London people, pubs and perfection

Sep 7, 2011

On the plane now (the same United Airlines 767 with an out-of-commission lavatory that I flew seven days ago going the other way across the Atlantic) headed home after a fun time in London. The two-day Science Online London conference was very enjoyable, with good sessions and demonstrations and discussions focused on data sharing and promoting open science (Michael Nielsen keynoted with a talk heavy on social research, arguing that open science needs to be a common good for it to become common; Nielsen will be at Duke Oct. 4).

The British Library was a good, central place to hold the conference, and the weather these first few days was simply splendid — warm, sunny, perfect.

On Saturday, I broke away from the conference to meet up with a handful of long-time Textpattern users, at a pub in Covent Garden. I’ve used Textpattern as the content management system for since 2004, and the other guys have helped the open-source CMS stay alive. It was fun to drink a pint, share our support-forum memories, and talk about ways to make Textpattern a more popular choice for site and blog development.

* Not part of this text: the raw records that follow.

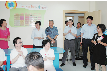
图为项目专家在瑞金街道指导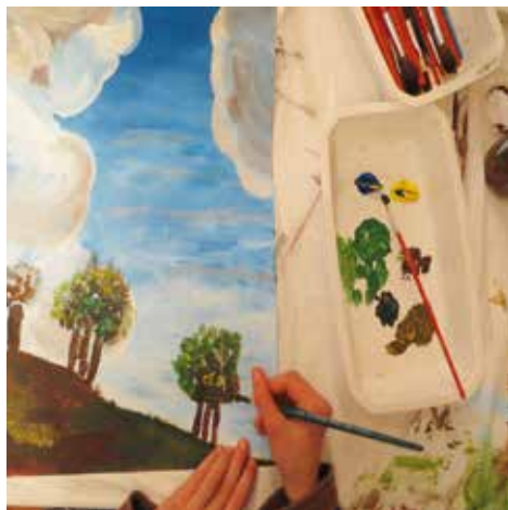
Atelier au musée Magnin

Attention : les jauges étant limitées, nous vous invitons à réserver vos places pour les visites, les événements et les concerts.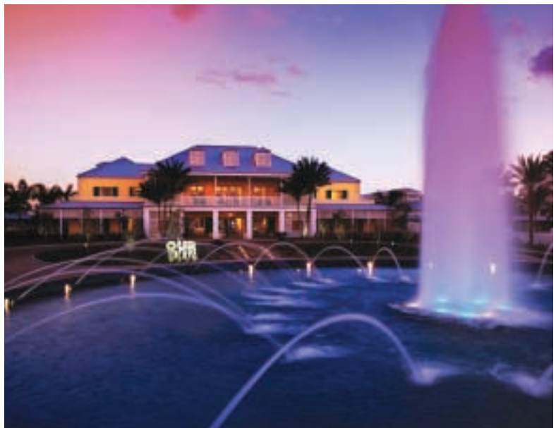
集團在大巴哈馬島The Westin and Sheraton at Our Lucaya Beach & Golf Resort酒店豪華大堂及酒店正門入口。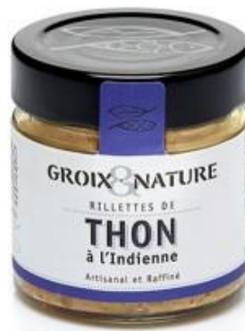
Rillettes de Thon à l'Indienne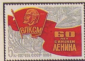
Рисунок Ю. Левиновского. П. глуб. на мелованной бумаге. Рам. 11 1 / 2 :12.

5523. 5 к.— Нагрудный комсомольский значок на развевающемся красном полотнище. На втором изобразительном плане — панорама тех отраслей народного хозяйства, науки и техники, исследования и освоения космического пространства, в которых Ленинский комсомол принимал и принимает сейчас активное участие — многоцветная . . . . . —10 —02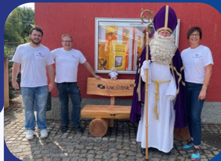
Nikolauspostamt St. Nikolaus Großrosseln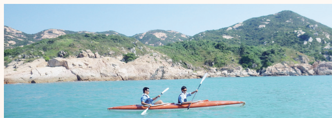
二人之間合作無間，全速前進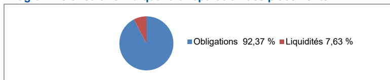
Diagramme circulaire indiquant la répartition des placements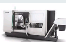
TOUR DMG MORI CTX BETA 800 TC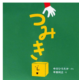
2歳児 ほし組 「つみき」

Both nights after the conference sessions, we ended up, naturally, in the pub, drinking English ales and talking about science, communication, journalism, social media and more. Great group!

Sunday, I checked of the hotel and walked to the flat of my step-brother, Nathan. We set out then, walking through nearby Regent’s Park and into Camden. As the rain began to fall, we walked along the canal and into Camden Lock Market. We bought plates of West African food, and sat under an umbrella, talking about travel, St. Croix — we hadn’t seen each other since I lived on the island, nearly 30 years ago — and things to do in London. We split up after that, I walked to the Tube and headed to the British Museum to view the Rosetta Stone and the Parthenon marbles. Then, shopping and people watching along Regent, Oxford and Carnaby streets.

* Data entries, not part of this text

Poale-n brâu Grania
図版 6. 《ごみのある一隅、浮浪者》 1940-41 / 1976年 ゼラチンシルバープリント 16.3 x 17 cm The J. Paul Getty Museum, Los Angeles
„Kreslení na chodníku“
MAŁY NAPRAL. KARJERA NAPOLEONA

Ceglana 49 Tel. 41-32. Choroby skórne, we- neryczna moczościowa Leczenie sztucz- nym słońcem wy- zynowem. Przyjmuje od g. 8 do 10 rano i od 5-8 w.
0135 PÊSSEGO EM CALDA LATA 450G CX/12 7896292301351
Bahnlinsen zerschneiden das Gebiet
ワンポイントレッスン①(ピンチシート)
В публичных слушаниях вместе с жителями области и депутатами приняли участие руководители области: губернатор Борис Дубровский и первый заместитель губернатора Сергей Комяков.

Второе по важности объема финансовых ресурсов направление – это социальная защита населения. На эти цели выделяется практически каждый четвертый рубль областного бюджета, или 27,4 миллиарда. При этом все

Monday, cappuccino and croissant at on of the many tiny cafes in Fitzrovia, then more Underground traveling, popping out at Green Park for a quick look at Buckingham Palace — flag was up so Queen in residence; witnessed one of the guards almost slip and fall on his march to and fro, his heavy clogs apparently hitting a smooth or damp patch on the rug — then walking along Piccadilly to shop. Lunched again on food from an ethnic stall, this time Moroccan salmon tagine in the courtyard of St. James Church. A double-decker bus to Kensington South station for a visit to the Victoria & Albert Museum (just of a couple of forgettable Turners but an amazing cast of Trajan’s Column, displayed in two sections because the scale is so big) and a call upon a writer friend attending an ill spouse in the reputable Royal Marsden Hospital.

There’s no secret to writing a book, he tells me. “You sit down at a keyboard, and you begin to type word after word.” He’s written numerous books himself, at least two about aeroplanes and airlines, others about travel. So that I’m sitting at flight 37,023 feet high, writing a blog entry about my trip to London, is a good sign that I’ve got it in me.

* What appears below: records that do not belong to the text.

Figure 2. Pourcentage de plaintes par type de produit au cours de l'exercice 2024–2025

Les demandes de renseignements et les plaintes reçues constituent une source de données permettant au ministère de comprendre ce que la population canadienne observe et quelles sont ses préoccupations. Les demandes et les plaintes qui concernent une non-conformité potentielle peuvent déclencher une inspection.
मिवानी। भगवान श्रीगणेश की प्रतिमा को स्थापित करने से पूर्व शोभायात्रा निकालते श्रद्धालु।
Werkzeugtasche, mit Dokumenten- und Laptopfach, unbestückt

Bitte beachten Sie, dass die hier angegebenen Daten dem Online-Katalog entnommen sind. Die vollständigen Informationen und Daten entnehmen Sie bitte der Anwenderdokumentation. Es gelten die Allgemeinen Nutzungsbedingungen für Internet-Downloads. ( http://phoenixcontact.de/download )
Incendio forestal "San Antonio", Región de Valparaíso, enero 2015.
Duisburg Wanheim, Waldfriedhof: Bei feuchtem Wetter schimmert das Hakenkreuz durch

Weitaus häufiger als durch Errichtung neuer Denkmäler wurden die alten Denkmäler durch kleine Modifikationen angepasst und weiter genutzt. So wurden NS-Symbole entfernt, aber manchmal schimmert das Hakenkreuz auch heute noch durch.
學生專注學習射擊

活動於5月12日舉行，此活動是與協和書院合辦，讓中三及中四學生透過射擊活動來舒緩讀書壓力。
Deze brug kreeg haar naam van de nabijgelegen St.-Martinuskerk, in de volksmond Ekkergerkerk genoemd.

Once back in North Carolina, I’ve got big projects at Duke, and ScienceOnline2012, and a narrated slideshow to commemorate 50 years of the Peace Corps through pictures of my dad’s and my own service.

I’ve enjoyed this trip immensely. The freedom of singular travel is great, although at every turn I wanted Erin and Anna and Malia and Oliver to be along with me to experience the city with me.